:: Data block ::

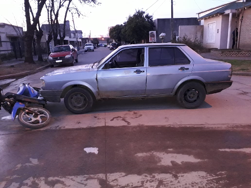 Siendo las 12.00 horas, se toma conocimiento de un accidente de tránsito ocurrido en intersección de las calle Soldado Walter Almiron y Profesor Dominguez de esta ciudad, lugar una motocicleta marca Guerrero, color roja, conducida por masculino de (22) años colisiona con vehículo marca Volkswagen Bora, conducido por masculino mayor de edad.- Producto de la colisión, solamente se constataron daños materiales; motivos por los cuales ambos conductores intercambiaron datos para realizar los correspondientes tramites en sus respectivos seguros.-
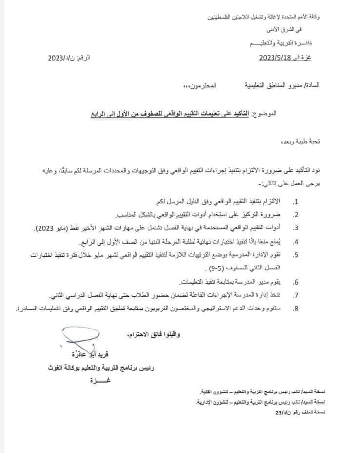 أصدرت مديرية التربية والتعليم بوكالة "الأونروا " في غزة ، اليوم الخميس 18 مايو 2023، تعميمًا إلى مديري المناطق التعليمية بخصوص التأكيد على تعليمات التقييم الواقعي للصفوف من الأول إلى الرابع الابتدائي.
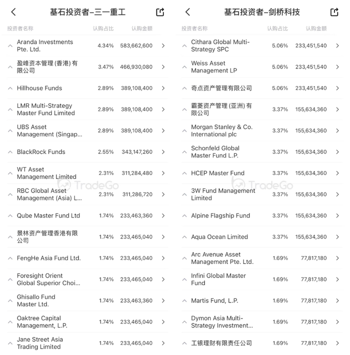 绿鞋方面,滴普科技、八马茶业上市无绿鞋;三一重工的绿鞋资金约20.18亿港元,稳价人为中信里昂;剑桥科技的绿鞋资金约6.92亿港元,稳价人为国泰君安国际。

:: What to work on ::
In repeating the lines above, keep the wording exact and leave every picture out.

:: Task response ::
 Siendo las 12.00 horas, se toma conocimiento de un accidente de tránsito ocurrido en intersección de las calle Soldado Walter Almiron y Profesor Dominguez de esta ciudad, lugar una motocicleta marca Guerrero, color roja, conducida por masculino de (22) años colisiona con vehículo marca Volkswagen Bora, conducido por masculino mayor de edad.- Producto de la colisión, solamente se constataron daños materiales; motivos por los cuales ambos conductores intercambiaron datos para realizar los correspondientes tramites en sus respectivos seguros.-
 أصدرت مديرية التربية والتعليم بوكالة "الأونروا " في غزة ، اليوم الخميس 18 مايو 2023، تعميمًا إلى مديري المناطق التعليمية بخصوص التأكيد على تعليمات التقييم الواقعي للصفوف من الأول إلى الرابع الابتدائي.
 绿鞋方面,滴普科技、八马茶业上市无绿鞋;三一重工的绿鞋资金约20.18亿港元,稳价人为中信里昂;剑桥科技的绿鞋资金约6.92亿港元,稳价人为国泰君安国际。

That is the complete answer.